Group photo at KLIA before departing for Tokyo.

Wuan accompanied me to KL Sentral for me to catch the KLIA Express to the airport. I passed the ticket gate with a heavy heart. We have been apart longer than that but the thought of being so far away from her made me leave with a great reluctance. I had wished she could go as my Personal Assistant but there were hurdles along each step of the way. In the end, I had to look elsewhere for another.

The flight was uneventful. The cabin crew of Japan Airlines were efficient. I had informed one of them that I would need to go to the washroom at 1.00am and promptly at that appointed time, she came with an aisle chair and deftly manoeuvred me to the washroom at the back of the cabin. When I first boarded the plane, I had enquired twice if there was an aisle chair inside the plane. Without one, there was no way for me to use the washroom.


My Japan Airlines in-flight low-protein meal.

I had requested for specials meals for the flight. The low-protein, no salt meal was a refreshing change from what I have been eating all these while. The ingredients are almost similar to what I eat nowadays. The clever presentation made it more delicious then it actually was. Broccoli, mashed potatoes and baby carrots never tasted better.


Sunrise at 8500 feet somewhere over Japan just before we landed at Narita International Airport.

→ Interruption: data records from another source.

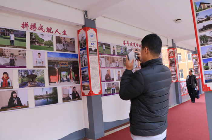 在前往多媒体教室的途中,大家兴致勃勃的参观了校园,深为我校浓郁的校园文化和宏大的办学规模所感染,纷纷驻足观看,时不时拿起手中的相机、手机进行拍照。
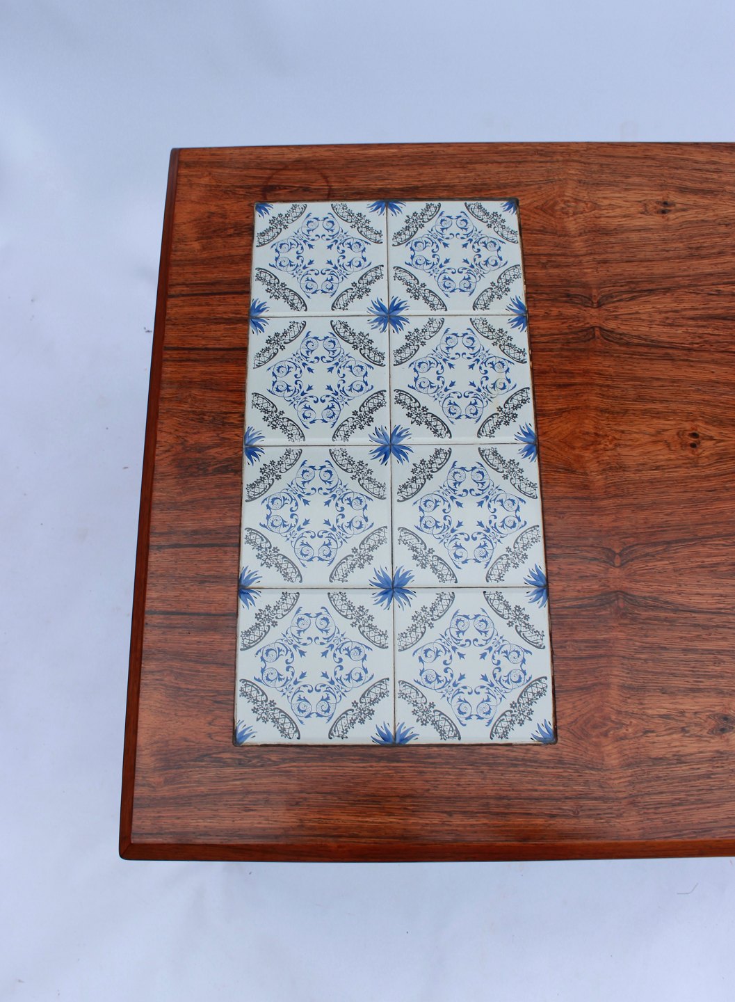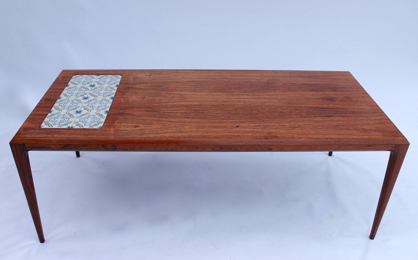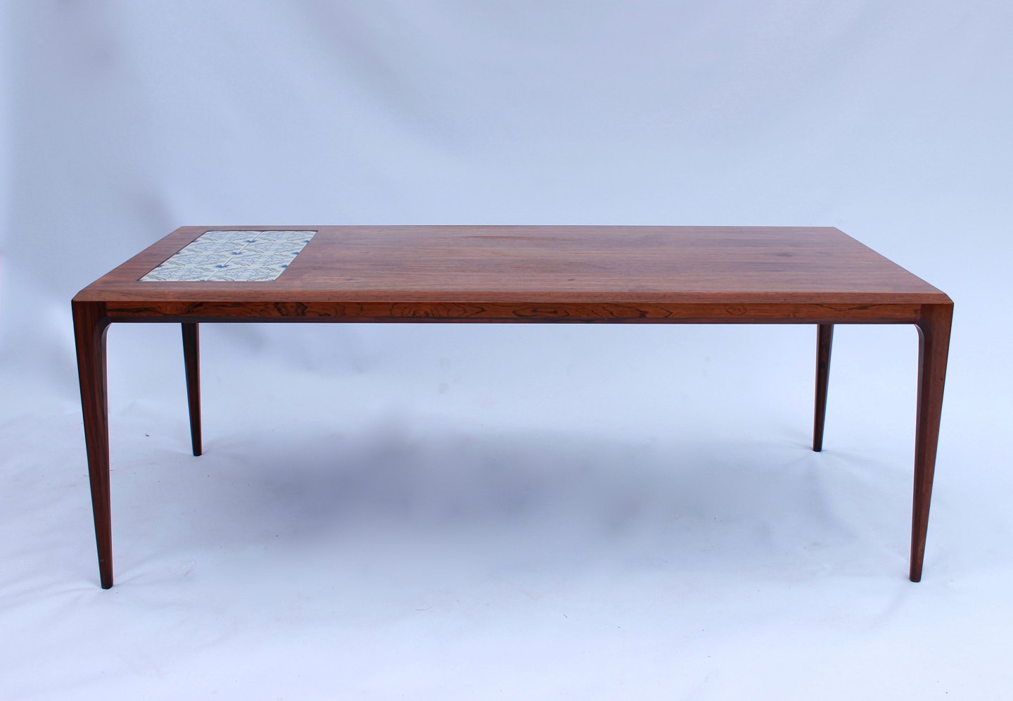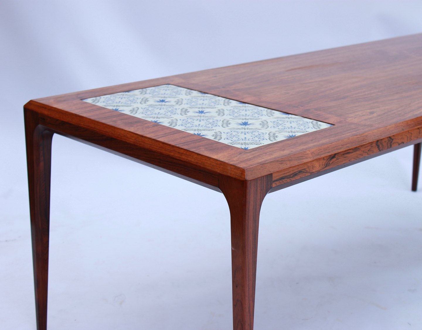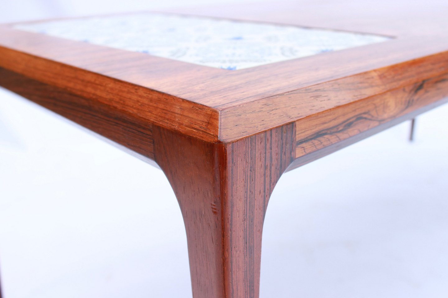 SoldCoffee table in rosewood with Royal Copenhagen tiles designed by Johannes Andersen and manufactured by Silkeborg Furniture factory in the 1960s. The table is in great vintage condition.
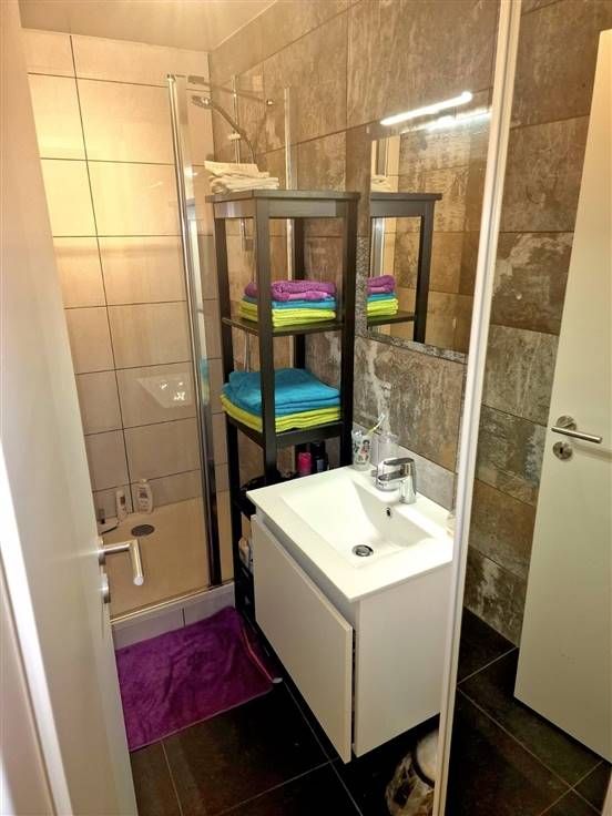 Sorry er is geen nederlandse vertaling beschikbaar. Très bel appartement, situé au 1er étage sans ascenseur d'une petite résidence avec vue sur la rue principale de Bastogne. Il se compose d'un hall, espace à vivre avec cuisine équipée, 1 chambre à coucher, salle de douche, buanderie et wc séparé. Petite cave. Résidence sans ascenseur. Forfait de 10€ pour l'électricité des communs. Cour à l'intérieur du bâtiment. Possibilité de se garer devant le bâtiment. Animaux non souhaités.

Sunrise looked different the thousand meters above sea level. The interesting hues from ochre to indigo to inky blackness fascinated me no end. I kept asking Calvin, my Personal Assistant, to snap shot after shot. Unfortunately, cabin lights cast reflection and spoilt the many of the photos.

By daybreak, we were flying across the city of Tokyo. The sight of the unfolding foggy landscape choked me with emotions. I felt lonesome. I wished Wuan were there to behold the remarkable views as the plane approached Narita from the sea. Wuan took me to places I never thought I would ever visit. Now, I was in a place I never thought I would visit but she was not there to appreciate that spectacular sight together with me.


Narita International Airport.

Tokyo’s sky was cloudless. The risen sun glared from behind planes and buildings. After going through the Immigration and Customs, we reported to the JICA Counter for our next leg of journey. A van from the Hino Independent Living Centre was already waiting for us. As soon as we got out of the airport, the sudden cold jolted me into absolute alertness. My breath turned to vapour as I exhaled.


Somewhere in Tokyo on the way To Manganji.

The journey from Narita International Airport to the apartment where we were going to spend two weeks in took one hour fifty minutes on the highway, most of it elevated, ran across residential areas with apartments rising barely twenty meters from the highway. We passed Disneyland and saw the snow capped peaks of Mount Fuji in the distance.


Unloading luggages outside the apartment at Manganji.

When we arrived at the apartment, the sun was shinning brightly. After being briefed on the facilities of the apartment, we were left on our own for the day. Calvin, Kim (the other Personal Assistant) and I went for lunch at the Italian restaurant located just beside the apartment. After lunch, we walked across to the supermarket that was directly opposite the apartment. I wanted to buy fruits, vegetables and bread as I had planned to cook the duration I was there.


Inageya Supermarket at Manganji is right across the road from the apartment.

We finished shopping at 1.30pm (GMT +9). The sun was already setting. The sky seemed like 5pm in Malaysia. The overcast sky made me gloomy. The vegetables in the supermarket were extra large. I have never seen lotus roots as big and large as those on the shelf. I was missing Wuan badly again. I wished she were here. We would have fun shopping for food and ooh ahing over the exorbitant prices of grocery here. I had wanted to call her but there were no public phones in sight.